Dataset content:
***

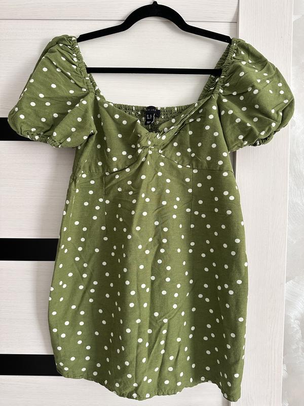 Зелена сукня від New look в горох. стан ідеальний. Розмір 12. Заміри: ПОГ 44, ПОТ 42, ПОБ 51, довжина 76. на спині резинка. Дивіться інші мої оголошення
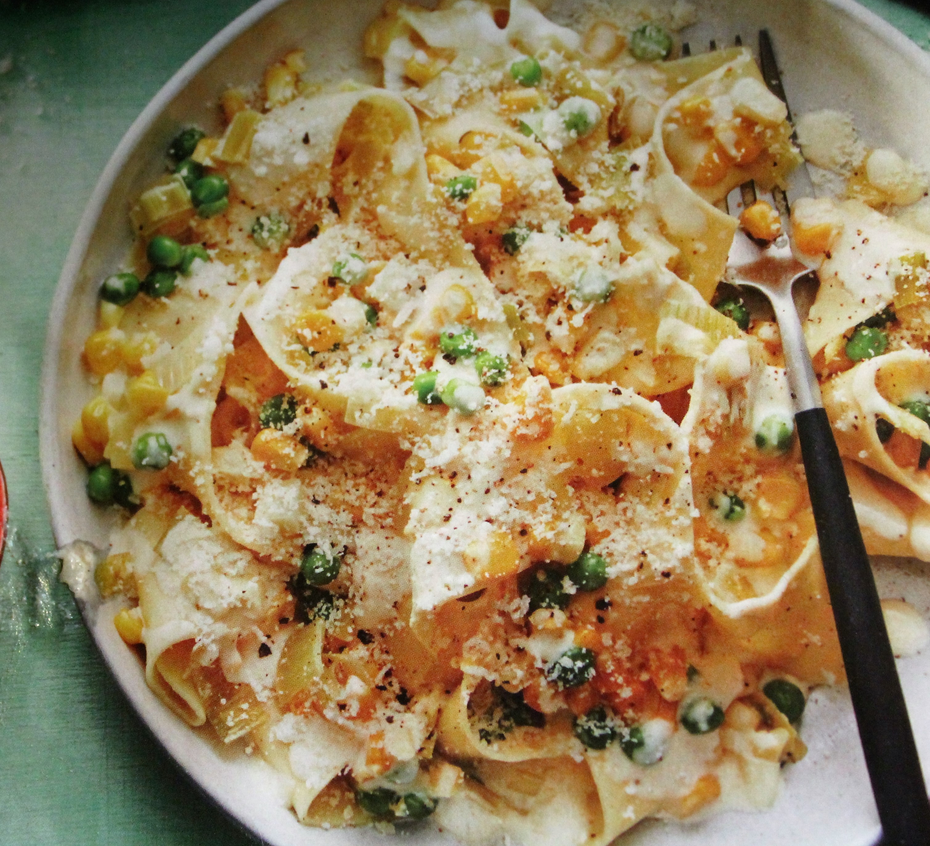 1. Bring a large pot water to a boil for the pasta. In a large skillet, heat the oil, one turn of the pan, over medium high. Melt the butter into oil, the add the corn, leaks and garlic; season with salt and pepper. Cook, stirring often, until the leeks soften, about 5 minutes.
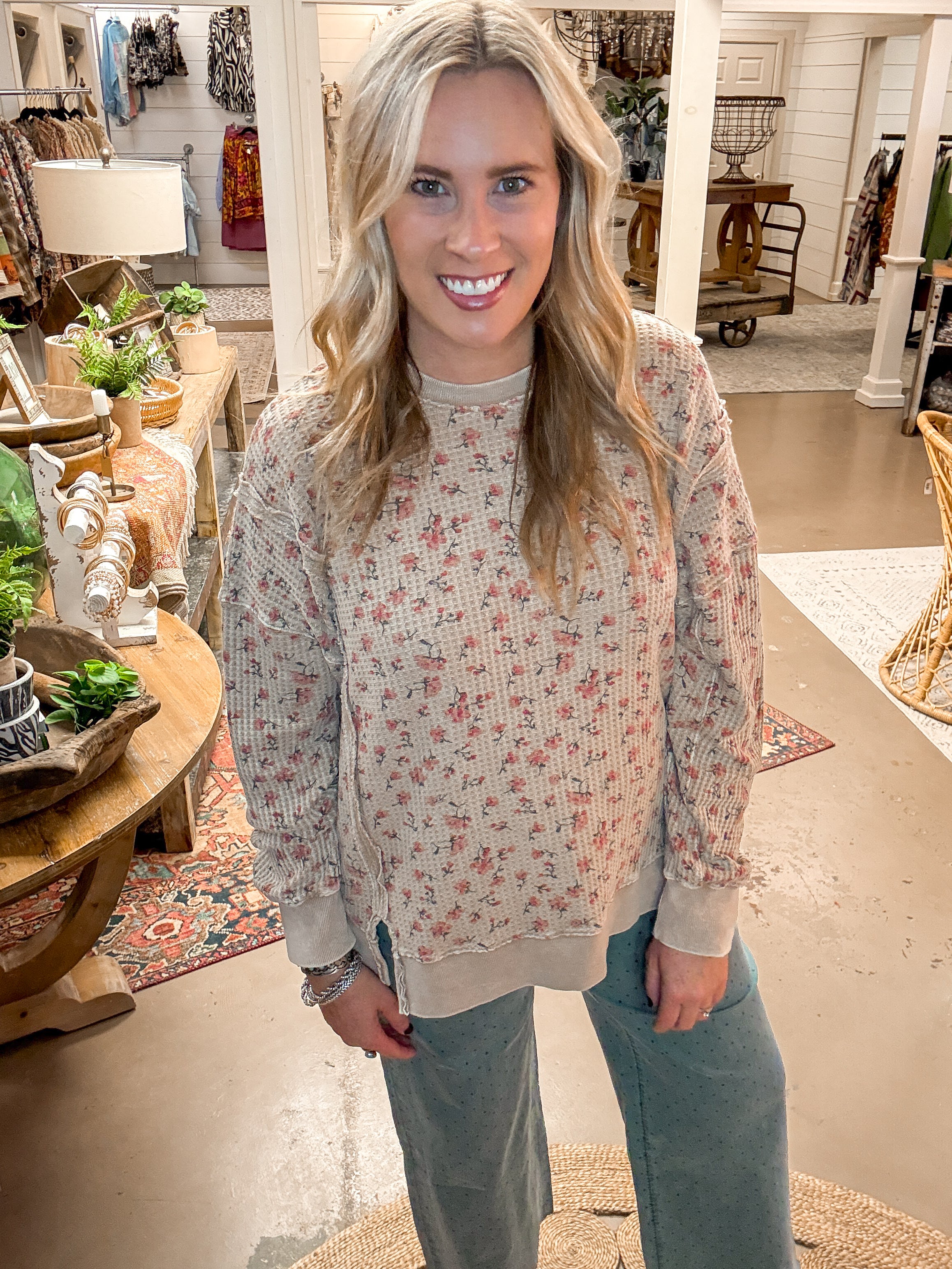 FLORAL PRINTED TERRY PULLOVER SHIRT, CHOCOLATE

***

Task instructions: With the pictures set aside, write out the whole listing exactly.

Answer to this problem:
 Зелена сукня від New look в горох. стан ідеальний. Розмір 12. Заміри: ПОГ 44, ПОТ 42, ПОБ 51, довжина 76. на спині резинка. Дивіться інші мої оголошення
 1. Bring a large pot water to a boil for the pasta. In a large skillet, heat the oil, one turn of the pan, over medium high. Melt the butter into oil, the add the corn, leaks and garlic; season with salt and pepper. Cook, stirring often, until the leeks soften, about 5 minutes.
 FLORAL PRINTED TERRY PULLOVER SHIRT, CHOCOLATE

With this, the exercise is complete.